> _What to do_
Below are some records: retype them all exactly, but not the pictures.
----- Source records -----
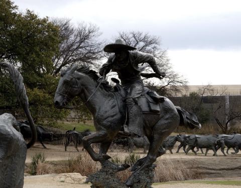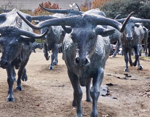 ...所有的位置,雕像反映的是一群被牛仔驱赶着过河的牛,非常的生动和形象,甚至那条河也被人工修建出来
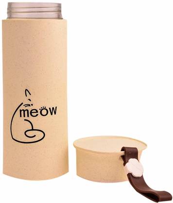 Meow Cream Color Water Bottle Leak Proof, Strong Body, Silicon Cover, Keeps Water
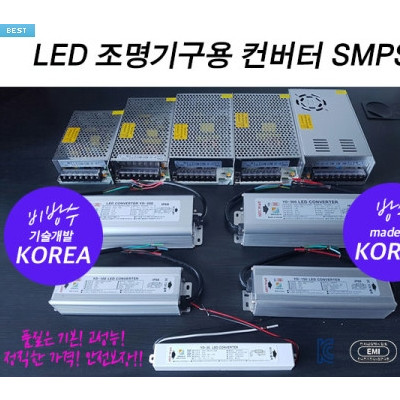 SMPS LED 파워서플라이 KC인증 아답터 12V 24V 방수/비방수 엘이디모듈 3구모듈용 시그널램프
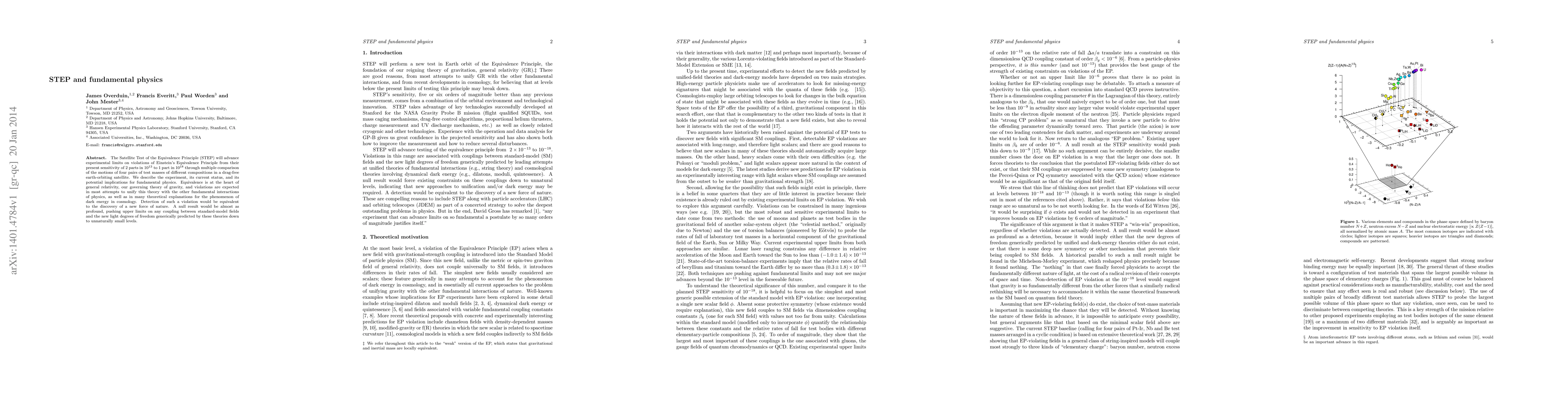 The Satellite Test of the Equivalence Principle (STEP) will advance experimental limits on violations of Einstein's Equivalence Principle from their present sensitivity of 2 parts in $10^{13}$ to 1 part in $10^{18}$ through multiple comparison of the motions of four pairs of test masses of different compositions in a drag-free earth-orbiting satellite. We describe the experiment, its current status, and its potential implications for fundamental physics. Equivalence is at the heart of general relativity, our governing theory of gravity, and violations are expected in most attempts to unify this theory with the other fundamental interactions of physics, as well as in many theoretical explanations for the phenomenon of dark energy in cosmology. Detection of such a violation would be equivalent to the discovery of a new force of nature. A null result would be almost as profound, pushing upper limits on any coupling between standard-model fields and the new light degrees of freedom generically predicted by these theories down to unnaturally small levels.
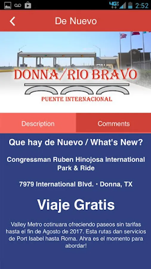 Esta aplicación muestra una transmisión en vivo del tráfico en el Puente Internacional Donna-Rio Bravo. Tambien esta disponible información de contacto, cuotas y horario.
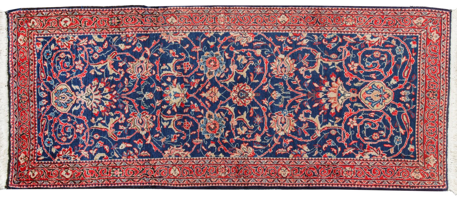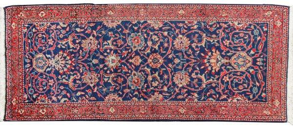Persien. Wolle auf Baumwolle. Im blauen Innenfeld flächendeckende Musterung aus großen Palmettenranken. Umlaufend mehrteilige Bordüre in unterschiedlichen Rottönen. 196 cm x 80 cm.
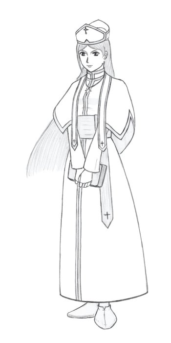 〔神官衣アレシア〕 ファリス神官の式服(?)姿……のつもりです。……ちょっと偉そうな感じになっちゃったかな? ローマ教皇の代替わりの時期に放送されていたテレビ番組で見た僧服が元ねたです。 長衣の色は、濃い紫色か濃紺で、帯(?)は赤かったかな…?ちょっと記憶があやふや。 赤色だと、カトリックの枢機卿の衣装だった可能性も…(爆) まぁ、全身赤というわけではなかったから、違うかな…… 帽子は元ねたでは違う形のものでした。これはカトリックの司教冠(?)ぽくして見ました。 この服は、濃い紫や濃紺の色のが映えそうですね…後、男性のが似合いそうです(笑) 聖印の意匠は縦軸と横軸が同じ長さの十字にして、公式設定に近くしてみました。 でも、帽子の聖印の意匠だけは、下にオーブを付けて、遊んでみたり(笑) 実は、作業を4ヶ月以上放置されていた割りと不遇な絵だったり。 ちょっと軸がぶれてそう、というのと、原画の顔の輪郭が気に入らなかったのが原因かな? |
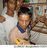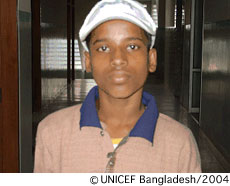 アジズールはここ数年、すごくがんばりました。BEHTRUC(「困難な状況にある都市部の子どもたちへの基礎教育プロジェクト」。バングラデシュのミルプールにあり、プロシカというNGOによって運営されている)を卒業した彼は、2004年4月から11月まで、バングラデシュの首都ダッカにあるダッカ・アサニア・ミッション職業訓練機関に入りました。ユニセフの支援のもと、この職業訓練機関は、アジズールのような働く子どもたちに種々の訓練プログラムを実施しています。
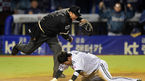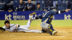 [OSEN=잠실, 지형준 기자] 24일 오후 서울 잠실구장에서 열린 2014 한국야쿠르트 세븐 프로야구 포스트시즌 준플레이오프 3차전 LG 트윈스와 NC 다이노스의 경기, 8회말 1사 3루에서 LG 황목치승이 이병규의 2루 땅볼에 홈에서 NC 김태
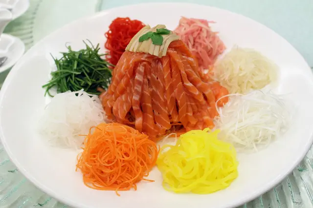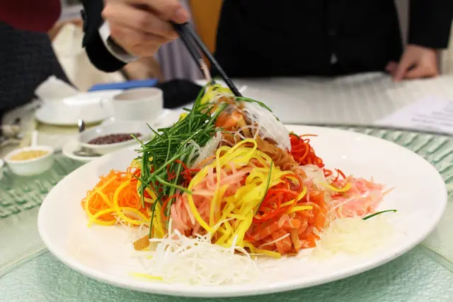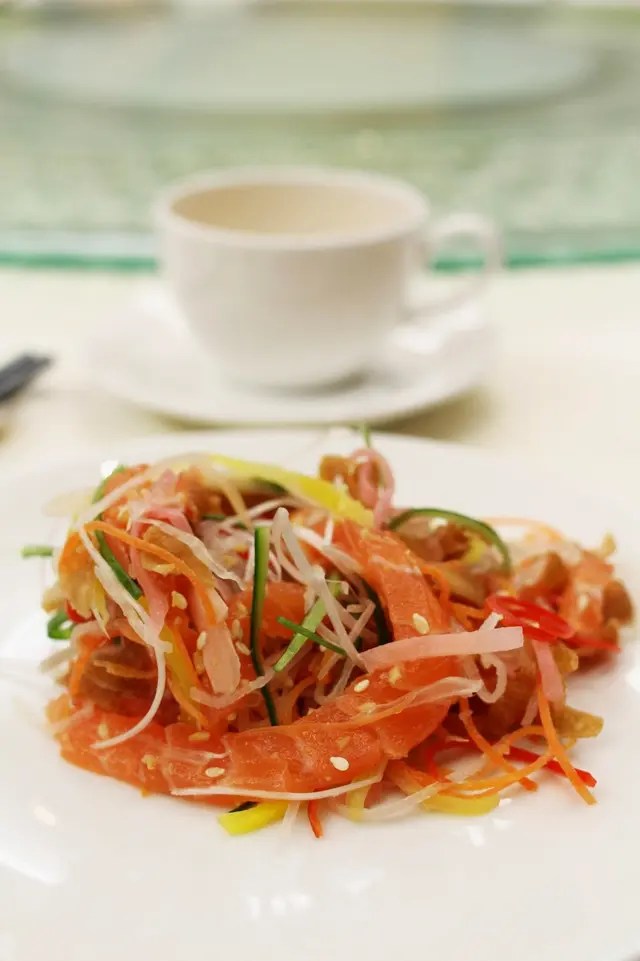 過年始終是中國人的重要節目,一定希望吃得好;殷悅就是一個不錯的團年/開年飯之選。位處悅來酒店 30 樓,餐廳環境及景觀都很一流,所有食物不加味精,今年還成了米芝蓮推介餐廳。而最新推出的滋潤、養生,及新春吉慶菜式都有水準,味道頗有驚喜。首先是新春菜式的 悅來鮑撈起 Aablone Lo Hei ($248),寓意越撈越旺,風生水起。這版本包括三文魚、子薑、青瓜、胡蘿蔔、芝麻等,食物上檯拍照後,可讓侍者代為撈起,很方便。 我長著一個半西半中的胃,對這有點似西式沙律的撈起從來都喜歡;特別成品子薑的甜辣味突出,吃來份外清新醒胃。食客還可選配上芥末汁/芝麻汁吃,兩款都不錯。 接著吃 烏金麒麟乳豬件,這可是 2015 版港澳米芝蓮的推介菜式呢。成品取用清脆乳豬皮,拌上咸香鮮美烏魚子片,及微辛大白蔥片,口感豐富迷人不膩,果然很好吃,吃完還意猶未盡!另一款米芝蓮推介菜是 照燒黑松露菌牛柳粒,牛魔要留意了。
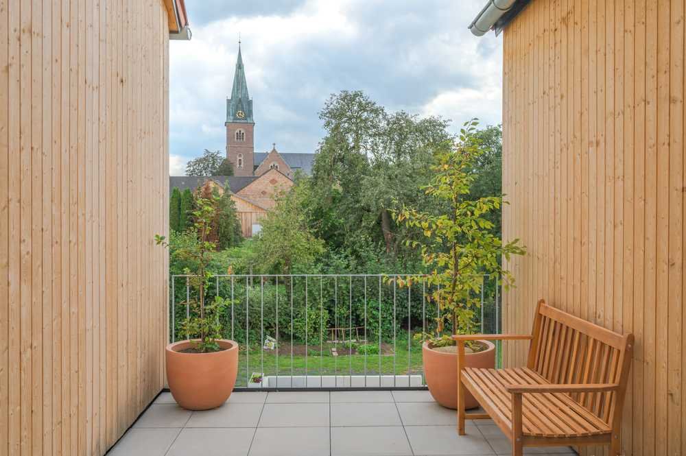 Direkter Zugang zum Balkon durch eine großzügige Flügeltür mit Blick auf das Flüsschen Wanne und ins Grüne.
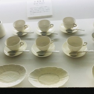 今回の取り組み先である「梅山窯」は砥部で一番歴史の古い窯元です。梅山窯の古陶資料館には貴重な陶器はもちろんの事、棟方志向、柳宗悦の書などもあり大変興味深く見学しました。砥部焼は白磁に染付の印象がありますが、資料館にも展示されていた、まるで象牙のような色合いの無地でフォルムがやさしく美しい淡黄磁との出会いも驚きでした。淡黄磁は1890年に向井和平により創始され、1893年にはシカゴ万博にも出展され高い評価を受け、賞をとっています。ネーミングも美しいと思いました。
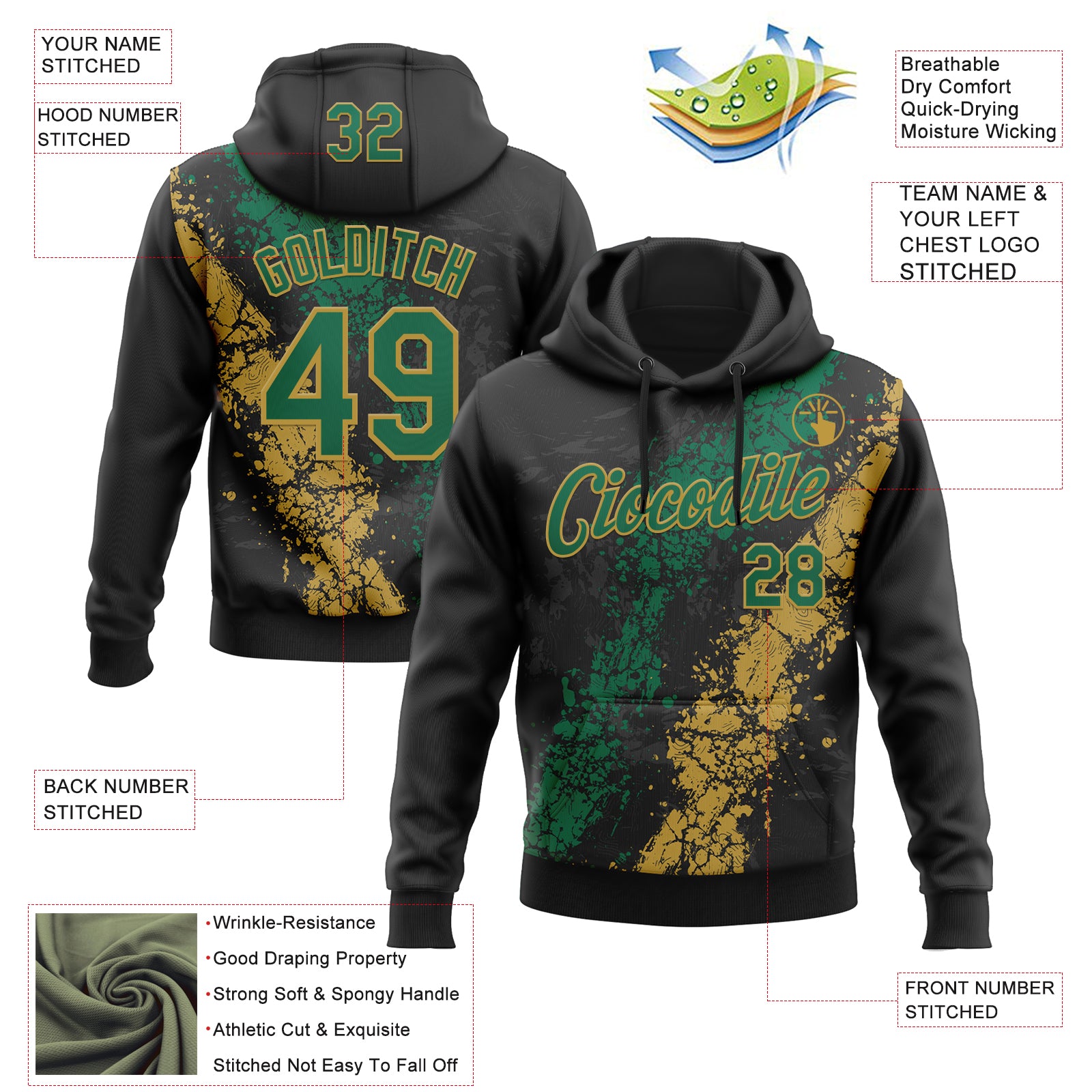 Custom Stitched Black Kelly Green-Old Gold 3D Pattern Design Splash Sports Pullover Sweatshirt Hoodie
-----
> _Worked solution_
 ...所有的位置,雕像反映的是一群被牛仔驱赶着过河的牛,非常的生动和形象,甚至那条河也被人工修建出来
 Meow Cream Color Water Bottle Leak Proof, Strong Body, Silicon Cover, Keeps Water
 SMPS LED 파워서플라이 KC인증 아답터 12V 24V 방수/비방수 엘이디모듈 3구모듈용 시그널램프
 The Satellite Test of the Equivalence Principle (STEP) will advance experimental limits on violations of Einstein's Equivalence Principle from their present sensitivity of 2 parts in $10^{13}$ to 1 part in $10^{18}$ through multiple comparison of the motions of four pairs of test masses of different compositions in a drag-free earth-orbiting satellite. We describe the experiment, its current status, and its potential implications for fundamental physics. Equivalence is at the heart of general relativity, our governing theory of gravity, and violations are expected in most attempts to unify this theory with the other fundamental interactions of physics, as well as in many theoretical explanations for the phenomenon of dark energy in cosmology. Detection of such a violation would be equivalent to the discovery of a new force of nature. A null result would be almost as profound, pushing upper limits on any coupling between standard-model fields and the new light degrees of freedom generically predicted by these theories down to unnaturally small levels.
 Esta aplicación muestra una transmisión en vivo del tráfico en el Puente Internacional Donna-Rio Bravo. Tambien esta disponible información de contacto, cuotas y horario.
Persien. Wolle auf Baumwolle. Im blauen Innenfeld flächendeckende Musterung aus großen Palmettenranken. Umlaufend mehrteilige Bordüre in unterschiedlichen Rottönen. 196 cm x 80 cm.
 〔神官衣アレシア〕 ファリス神官の式服(?)姿……のつもりです。……ちょっと偉そうな感じになっちゃったかな? ローマ教皇の代替わりの時期に放送されていたテレビ番組で見た僧服が元ねたです。 長衣の色は、濃い紫色か濃紺で、帯(?)は赤かったかな…?ちょっと記憶があやふや。 赤色だと、カトリックの枢機卿の衣装だった可能性も…(爆) まぁ、全身赤というわけではなかったから、違うかな…… 帽子は元ねたでは違う形のものでした。これはカトリックの司教冠(?)ぽくして見ました。 この服は、濃い紫や濃紺の色のが映えそうですね…後、男性のが似合いそうです(笑) 聖印の意匠は縦軸と横軸が同じ長さの十字にして、公式設定に近くしてみました。 でも、帽子の聖印の意匠だけは、下にオーブを付けて、遊んでみたり(笑) 実は、作業を4ヶ月以上放置されていた割りと不遇な絵だったり。 ちょっと軸がぶれてそう、というのと、原画の顔の輪郭が気に入らなかったのが原因かな? |
 アジズールはここ数年、すごくがんばりました。BEHTRUC(「困難な状況にある都市部の子どもたちへの基礎教育プロジェクト」。バングラデシュのミルプールにあり、プロシカというNGOによって運営されている)を卒業した彼は、2004年4月から11月まで、バングラデシュの首都ダッカにあるダッカ・アサニア・ミッション職業訓練機関に入りました。ユニセフの支援のもと、この職業訓練機関は、アジズールのような働く子どもたちに種々の訓練プログラムを実施しています。
 [OSEN=잠실, 지형준 기자] 24일 오후 서울 잠실구장에서 열린 2014 한국야쿠르트 세븐 프로야구 포스트시즌 준플레이오프 3차전 LG 트윈스와 NC 다이노스의 경기, 8회말 1사 3루에서 LG 황목치승이 이병규의 2루 땅볼에 홈에서 NC 김태
 過年始終是中國人的重要節目,一定希望吃得好;殷悅就是一個不錯的團年/開年飯之選。位處悅來酒店 30 樓,餐廳環境及景觀都很一流,所有食物不加味精,今年還成了米芝蓮推介餐廳。而最新推出的滋潤、養生,及新春吉慶菜式都有水準,味道頗有驚喜。首先是新春菜式的 悅來鮑撈起 Aablone Lo Hei ($248),寓意越撈越旺,風生水起。這版本包括三文魚、子薑、青瓜、胡蘿蔔、芝麻等,食物上檯拍照後,可讓侍者代為撈起,很方便。 我長著一個半西半中的胃,對這有點似西式沙律的撈起從來都喜歡;特別成品子薑的甜辣味突出,吃來份外清新醒胃。食客還可選配上芥末汁/芝麻汁吃,兩款都不錯。 接著吃 烏金麒麟乳豬件,這可是 2015 版港澳米芝蓮的推介菜式呢。成品取用清脆乳豬皮,拌上咸香鮮美烏魚子片,及微辛大白蔥片,口感豐富迷人不膩,果然很好吃,吃完還意猶未盡!另一款米芝蓮推介菜是 照燒黑松露菌牛柳粒,牛魔要留意了。
 Direkter Zugang zum Balkon durch eine großzügige Flügeltür mit Blick auf das Flüsschen Wanne und ins Grüne.
 今回の取り組み先である「梅山窯」は砥部で一番歴史の古い窯元です。梅山窯の古陶資料館には貴重な陶器はもちろんの事、棟方志向、柳宗悦の書などもあり大変興味深く見学しました。砥部焼は白磁に染付の印象がありますが、資料館にも展示されていた、まるで象牙のような色合いの無地でフォルムがやさしく美しい淡黄磁との出会いも驚きでした。淡黄磁は1890年に向井和平により創始され、1893年にはシカゴ万博にも出展され高い評価を受け、賞をとっています。ネーミングも美しいと思いました。
 Custom Stitched Black Kelly Green-Old Gold 3D Pattern Design Splash Sports Pullover Sweatshirt Hoodie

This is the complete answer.